(Supplied information Opens)

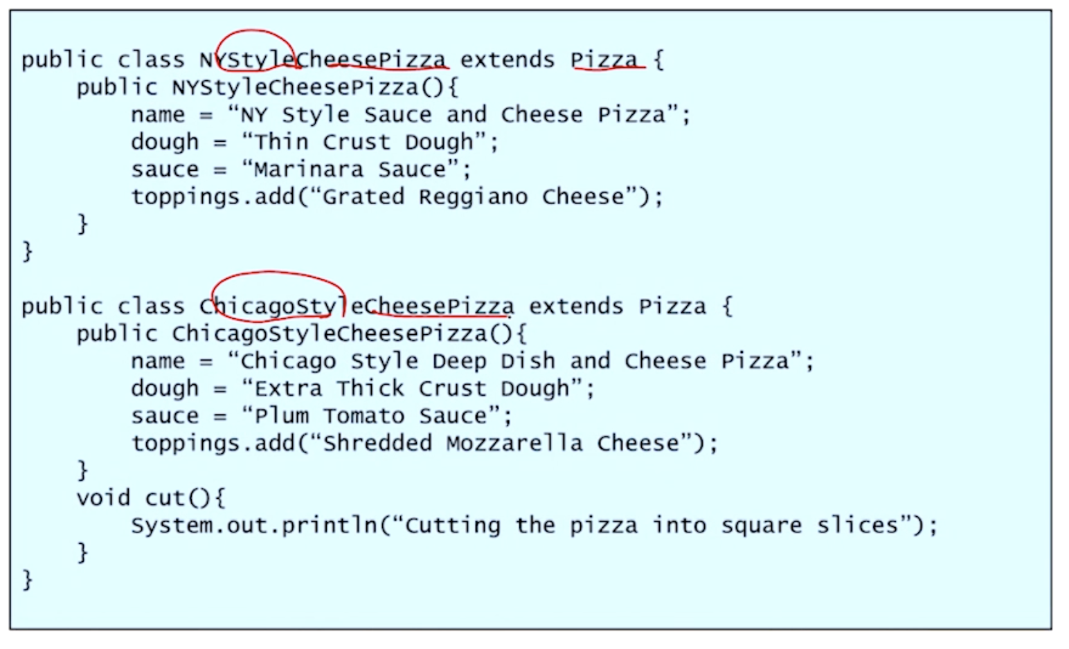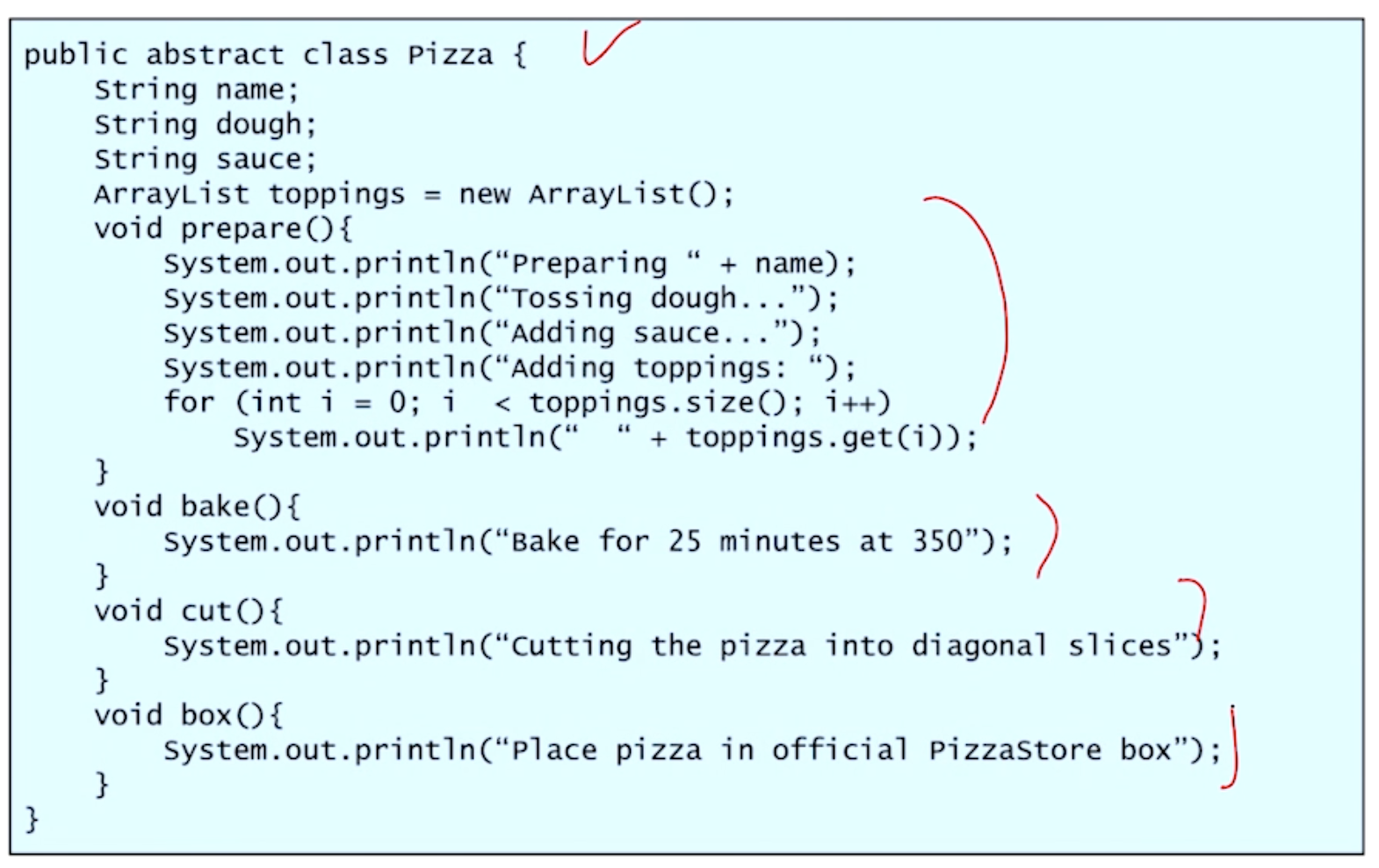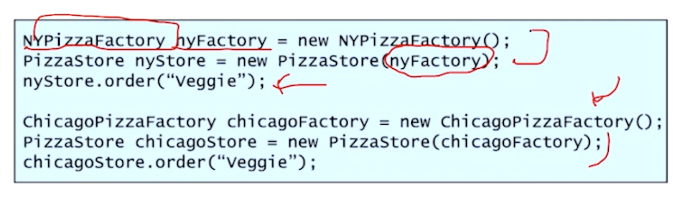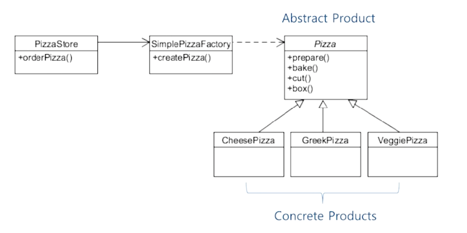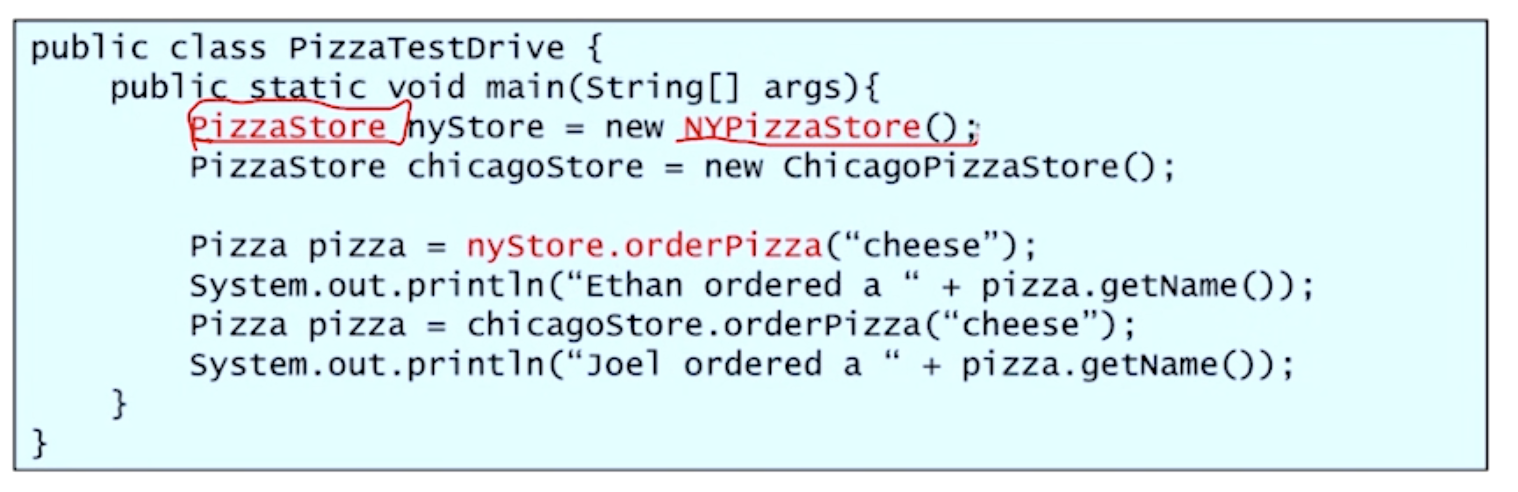 PizzaStore가 직접적인 영향을 받지 않기 위해 Pizza라는 abstract class가 필요한다.
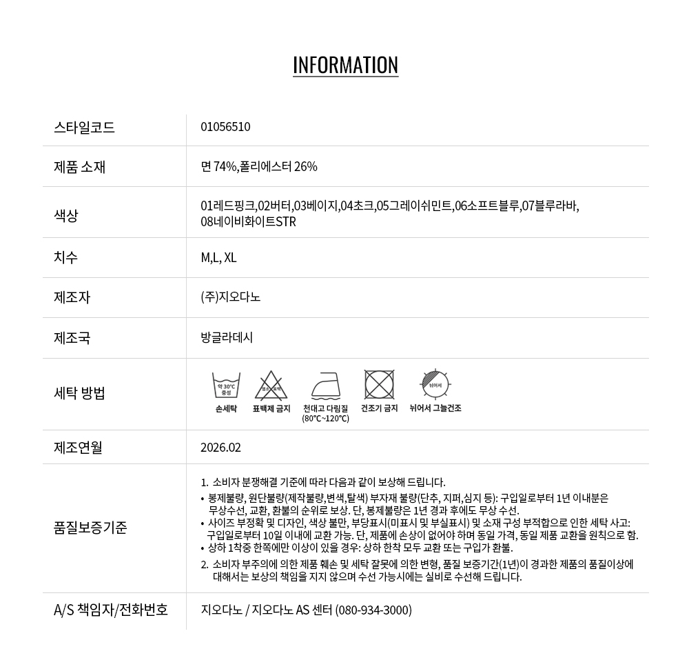 • 교환 진행시 배송비 5,000원 주문자 성함으로 입금 부탁드립니다(신한은행:267-05-028523 (주)지오다노)
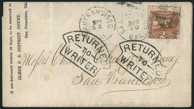 1575 c Image2c Brown (113). Centered to bottom, tied by quartered cork and by "San Francisco Cal. Nov. 10" circular datestamp on folded part-printed bankruptcy notice to local addressee, two bold strikes of "Returned to Writer" axe-style handstamp, also with Nov. 22 San Francisco circular datestamp, Fine, unusual, ex Lehman (Image)

(Supplied information Closes)

Activity |
Write out, exactly, the lines of the material from the very first through the line containing "입금 부탁드립니다(신한은행:267-05-028523 (주)지오다노)", and leave out every picture.

Exercise output |
 PizzaStore가 직접적인 영향을 받지 않기 위해 Pizza라는 abstract class가 필요한다.
 • 교환 진행시 배송비 5,000원 주문자 성함으로 입금 부탁드립니다(신한은행:267-05-028523 (주)지오다노)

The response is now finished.